01.03.1998 - 00:00 | Son Güncellenme:
Zeliha Midilli
Bugünlerde aylaklığa övgüler düzüyorum. Aylaklık yaptığımdan değil, aylaklığı özlediğimden, hem de çok. Bertrand Russell'ın "Aylaklığa Övgü" kitabını yeniden elime aldım. Aslında sıkıcı bir kitap ama olsun, adı yeter. Hem Russel'ın çok güzel önerileri var. Mesela şuna bayılıyorum: "Çalışma saatleri günde dört saat olmalı". Bana kalsa daha da az olmalı, hatta iki gün çalışıp beş gün yatmalı ya da bir ay çalışıp üç ay canının istediği yapmalı, falan... Ama Russell'ın önerisine de şimdilik fitim.

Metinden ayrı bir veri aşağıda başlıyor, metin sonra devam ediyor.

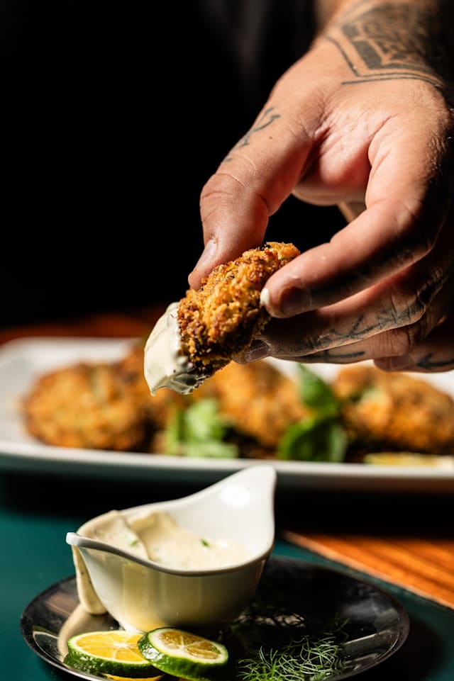 Crocchette di baccala' con senape al miele di sulla e salsa pil pil

Oysa biz ne yapıyoruz? Dünyada çalışma hayatından başka bir şey yokmuş gibi yaşıyoruz. Her şeyimiz ona göre programlanıyor. Hayatımızın odağı iş. Ertesi günü işte zinde olmak için güzel gece programlarını bile iptal ediyoruz. Yorgun argın eve gidiyor, karnımızı doyurmak için alelalece bir şeyler yapıp yiyor (zevkli yemekler yapmayı bile unuttuk, onun yerine yemek dergilerindeki yemekleri seyredip iç geçiriyoruz), biraz televizyonu zaplıyor, sonra da yatıp uyuyoruz. Hayata bakın...
Hatta bazıları tatil bile yapmıyor ya da yaptırılmıyor. Bazı yöneticiler elemanlarının tatile çıkmasına hoş gözle bakmıyor. Oysa batıda insanlar verimli olsunlar diye (bu noktada bile iş düşünülüyor), elemanlar zorla tatile gönderiliyor.
Russell bakın aylaklık konusunda neler demiş:
"Uygarlık için boş vakit şarttır. Boş vaktin akıllıca kullanılması ise bir uygarlık ve eğitim sonucudur. Bütün ömrünce çok çalışmış bir insan birdenbire boş kalsa sıkılır. Ama önemli miktarda boş vakti olmayan insan da en iyi şeylerin bir çoğundan yoksun kalır.
Çocuklar kadar büyüklerin de oyuna, yani zaman zaman o anda vereceği zevkten başka hiçbir amaç taşımayan eylemlere ihtiyaçları vardır. (...)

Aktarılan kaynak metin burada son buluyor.